Output volume for a convolutional layer
To compute the output size of a given convolutional layer we can perform the following calculation (taken from Stanford's cs231n course):

We can compute the spatial size of the output volume as a function of the input volume size (W), the kernel/filter size (F), the stride with which they are applied (S), and the amount of zero padding used (P) on the border. The correct formula for calculating how many neurons define the output_W is given by (W−F+2P)/S+1.

For example for a 7x7 input and a 3x3 filter with stride 1 and pad 0 we would get a 5x5 output.
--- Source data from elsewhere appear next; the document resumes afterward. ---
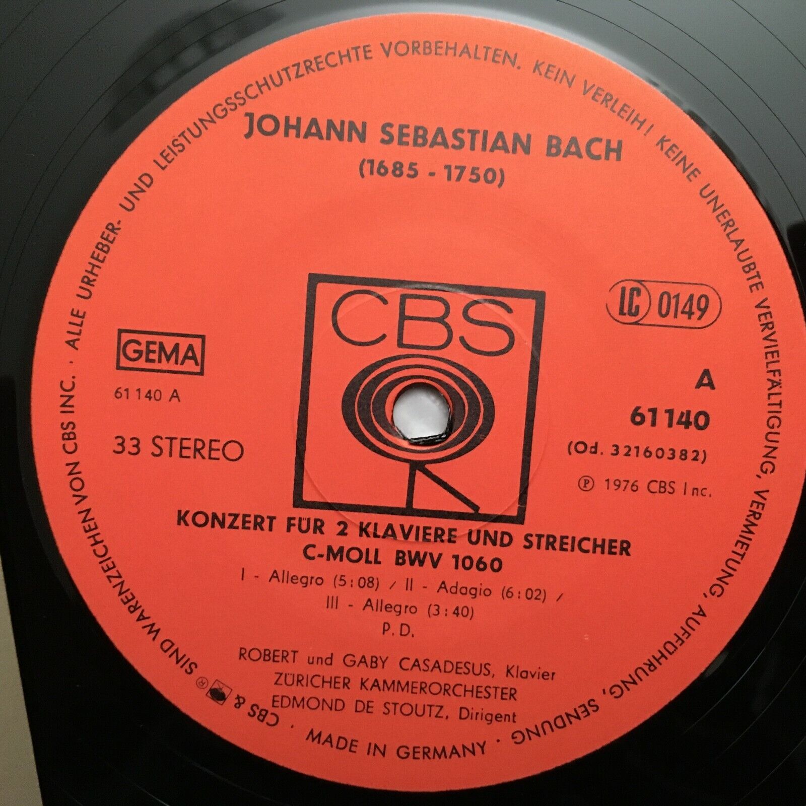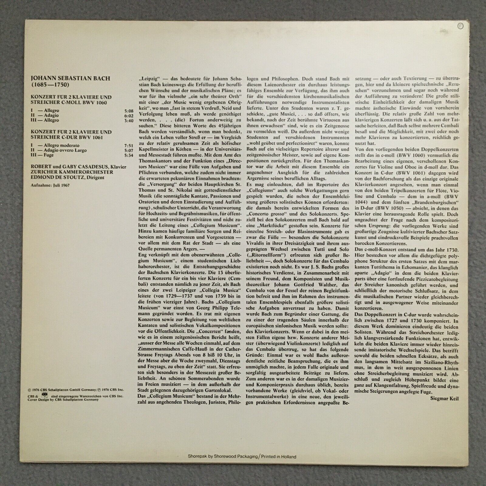 S109 Bach Concertos for 2 Pianos R. & G. Casadesus De Stoutz CBS 61 140 Stereo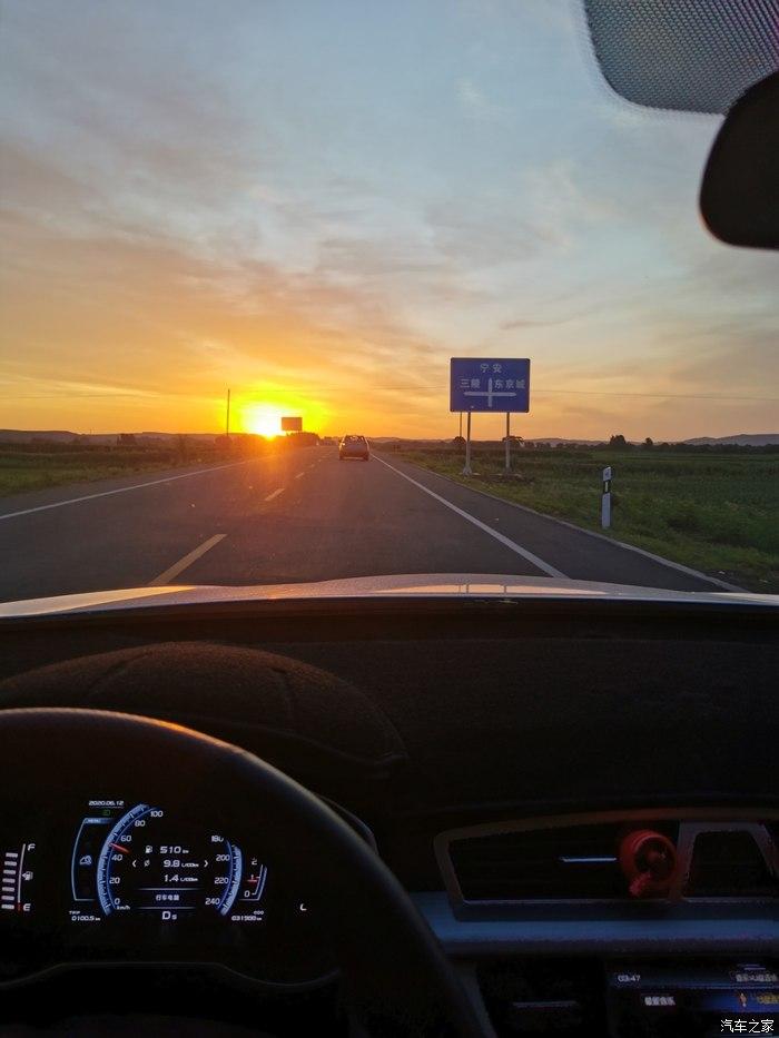 清晨的太阳,迎着朝阳博越前行在路上,这个油耗就说咋样吧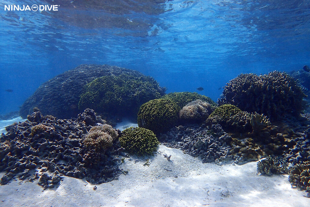 台風後は連日停電なのでクールダウン目的で私とディビッドは海へ逃げこんでいました。海の中は「台風なんてどこふく風」とびっくりするほど透明度もよく穏やかでした。むしろ上昇傾向にあった水温が台風でかき混ぜられ、適温に下がったような感触すらありました。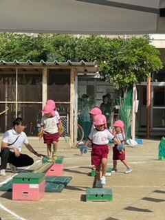 桃組の子どもたちは、遊園地のイメージの中でサーキット遊びをしました。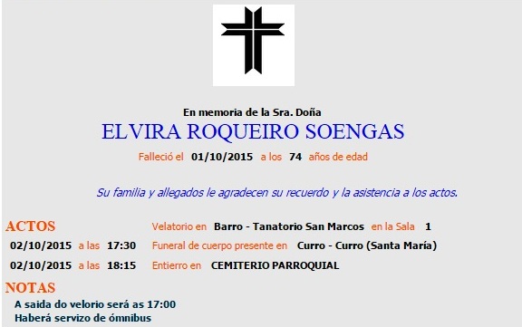 D.E.P. Dª.ELVIRA ROQUEIRO SOENGAS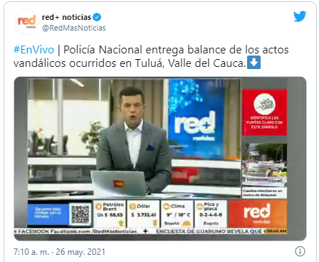 “Expresamos mucha preocupación por Tuluá. En hechos por esclarecer hay una muerte violenta, un número indeterminado de heridos y el Palacio de justicia incendiado. Estamos en contacto con autoridades y sociedad civil. Recordamos que DDHH y diálogo son la vía para superar esta situación”, manifestó el organismo a través de un trino.
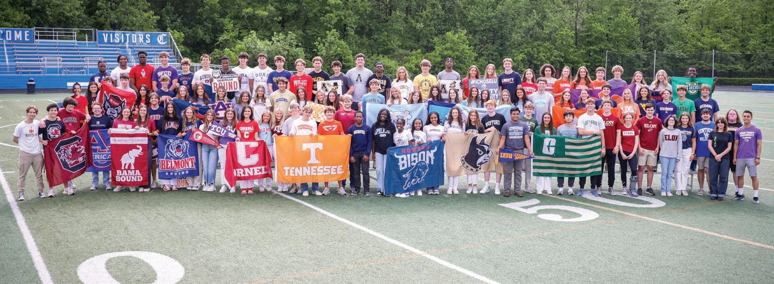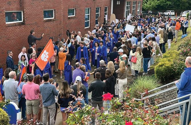 The sixth annual Senior Walk held a special place in the hearts of both students and faculty alike. It was a day when the graduating seniors took a stroll down memory lane, retracing their footsteps through the halls in the lower, middle and upper school. The Senior Walk celebrated the journey of the class of 2023 and the whole campus came alive to cheer on the seniors. After starting in the Early Education Building, they processed through campus and ended on the stadium field where both the seniors and their parents took a moment to pray over each other and launched the seniors into their college career. Afterwards the annual senior class picture was taken to showcase the T-shirts of the seniors’ college choices.

With stride 2 we would get a 3x3 output.

In [None]:
import torch
import torch.nn as nn
import torch.optim as optim
from torchvision import datasets, transforms, models

# choose device
device = (
    "cuda" if torch.cuda.is_available()
    else "mps" if torch.backends.mps.is_available()
    else "cpu"
)
print(f"Using device: {device}")
def initialize_model(device):
  # Load a pre-defined ResNet18
  ResNet18 = models.resnet18(weights=None)   # train from scratch
  # or use pretrained weights:
  # model = models.resnet18(weights=models.ResNet18_Weights.DEFAULT)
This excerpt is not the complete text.